Leaving out the pictures, restate each record below word for word.

[Start of section]

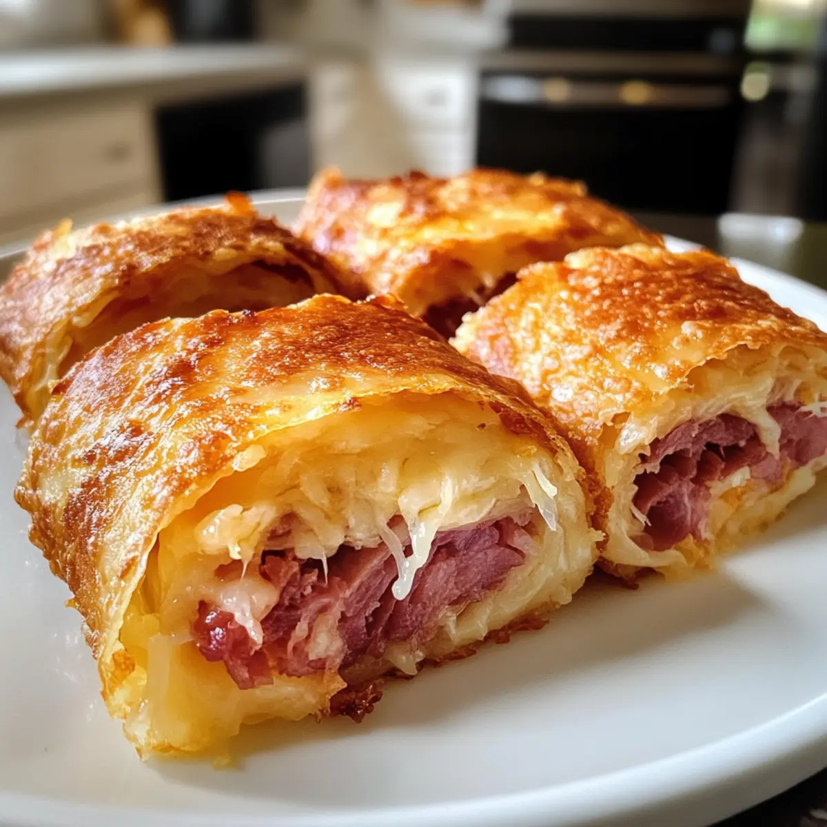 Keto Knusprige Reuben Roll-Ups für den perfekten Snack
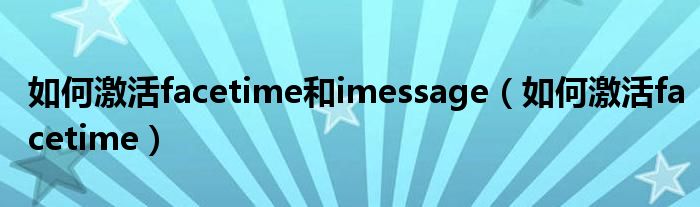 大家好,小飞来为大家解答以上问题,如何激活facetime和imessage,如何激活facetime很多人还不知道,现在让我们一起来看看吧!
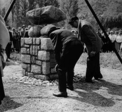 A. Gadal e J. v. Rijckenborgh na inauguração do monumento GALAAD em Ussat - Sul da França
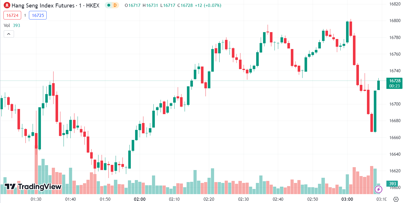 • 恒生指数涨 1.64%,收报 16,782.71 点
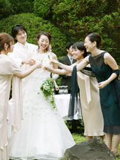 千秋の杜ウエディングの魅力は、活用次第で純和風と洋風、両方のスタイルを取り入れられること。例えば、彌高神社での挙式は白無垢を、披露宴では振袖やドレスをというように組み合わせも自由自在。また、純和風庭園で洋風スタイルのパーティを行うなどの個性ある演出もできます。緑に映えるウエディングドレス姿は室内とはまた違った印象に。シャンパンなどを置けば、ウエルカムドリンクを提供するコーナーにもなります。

[End of section]

*EXERCISE ANSWER*.
 Keto Knusprige Reuben Roll-Ups für den perfekten Snack
 大家好,小飞来为大家解答以上问题,如何激活facetime和imessage,如何激活facetime很多人还不知道,现在让我们一起来看看吧!
 A. Gadal e J. v. Rijckenborgh na inauguração do monumento GALAAD em Ussat - Sul da França
 • 恒生指数涨 1.64%,收报 16,782.71 点
 千秋の杜ウエディングの魅力は、活用次第で純和風と洋風、両方のスタイルを取り入れられること。例えば、彌高神社での挙式は白無垢を、披露宴では振袖やドレスをというように組み合わせも自由自在。また、純和風庭園で洋風スタイルのパーティを行うなどの個性ある演出もできます。緑に映えるウエディングドレス姿は室内とはまた違った印象に。シャンパンなどを置けば、ウエルカムドリンクを提供するコーナーにもなります。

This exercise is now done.